A Rebase-Centric Model of Collaborative Git Use

If you want to make sense of your git history more easily when you go back, try rebasing as you go. Rebasing while collaborating with others can get hairy quickly. But here’s one way to make it work.

There are many ways to use git. It’s sometimes said that git is not actually a version control system, but rather a content-addressable filesystem, used to track directory trees. So, given that it’s only a version control system inasmuch as you impose a methodology on it, it’s worth it to play with some different methodologies.

One common way to use git is with a lot of merging between branches, but if you don’t like the tangled web of history that creates, I’m going to propose a rebase-centric model. It’s a trade-off: a little harder to make, but a lot easier to understand when you need to come back to it later.

Now that you have enough links to take you away from this post for a day at least, let’s get started.

Git is a DAG-Manipulation Tool

First, let’s unpack what I said above. Be prepared for some graph theory terms. You’ve seen these sorts of charts in every bit of git documentation you look at, right?

      A---B---C topic
     /         \
D---E---F---G---H master

(From https://git-scm.com/docs/git-merge.)

This is a simple directed acyclic graph. Each node (except for D, the root node) has one or more parents. No node is an ancestor of itself. But in git, these nodes aren’t just abstractions: they carry data. Specifically, they carry change sets and commit messages.

Because there are changesets in the nodes, that implies that a traversal from the root node to any other node will result in a description of a certain end-state for the files in the repository, and that a traversal to the terminal node marked with a particular branch will result in a description of the files in the latest state of that branch. If the nodes were re-arranged, that could change the resulting state, depending on the particular changesets involved.
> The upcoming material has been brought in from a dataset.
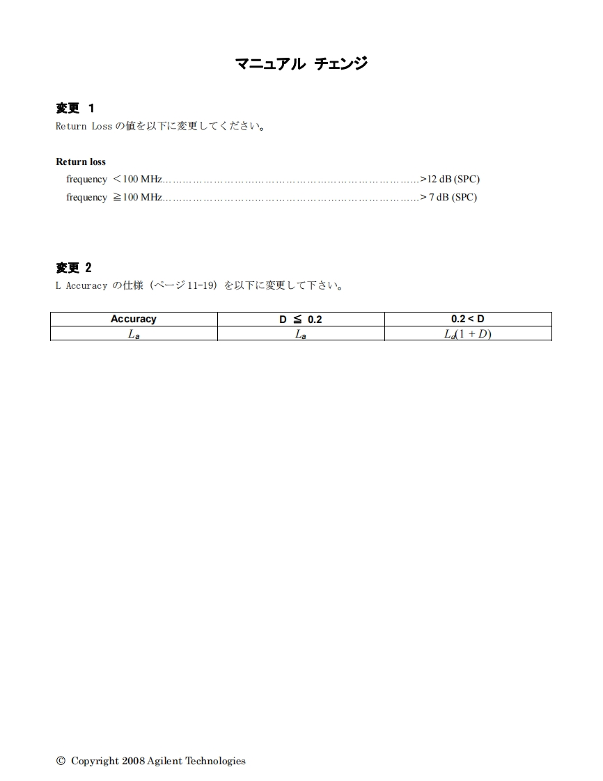 Agilent 4395A Network/Spectrum/Impedance Analyzer Operation ManualManual ChangeAgilent Part No.N/AFeb 2008Change 1Change the value of Return loss to the following.Return lossfrequency <100 MHz.......................>12dB(SPC)frequency 2100 M7dB (SPC)Change 2Change the specification of L Accuracy (Page 11-19)to the following.AccuracyD≤0.20.2

When you rebase, you “rewrite history” and transform, for example, this DAG:

      A---B---C topic
     /
D---E---F---G master

Into this DAG:

              A'--B'--C' topic
             /
D---E---F---G master

(Examples from https://git-scm.com/docs/git-rebase.)

The commits in the topic branch are labeled with prime signs after the rebase to denote that they are, in a sense, the “same” commits, but because they have a different ancestry, describe a different set of states – specifically, states that incorporate commits F and G. If there are conflicts between the rebased commits and their new ancestry, git will prompt you to resolve those before continuing the rebase.

All of this, so far, is just to explain rebasing so you can feel really comfortable with it. Rewriting your own history is fine and safe. But what we really care about is rewriting history that other people can access.

Remotes, Upstreams, and Feature Branches

Pretty much everything written about git warns you not to rebase any commits that are shared with other people or systems. It is presented as a cardinal sin and something that will get you shunned by all serious git users. So, let’s talk about how to do it!

The fundamental reason you’re enjoined against doing it is that it generates more work for everyone else to get their local repositories into a good state again. That is not something I mean in any way to contradict. If you are going to be pushing rewritten history to a shared remote, you must have everyone on-board and with a common understanding of the process you’re using and how to keep their local histories in order.

I find that the best way to avoid nasty situations with rewritten history consists of two principles:

  1. Maintain sole ownership of branches: only one person writes to a given branch, and if you need to collaborate, pull requests into the other person’s branch are the way to go.
  2. Maintain a strong distinction between read-only upstream branches and writable feature branches.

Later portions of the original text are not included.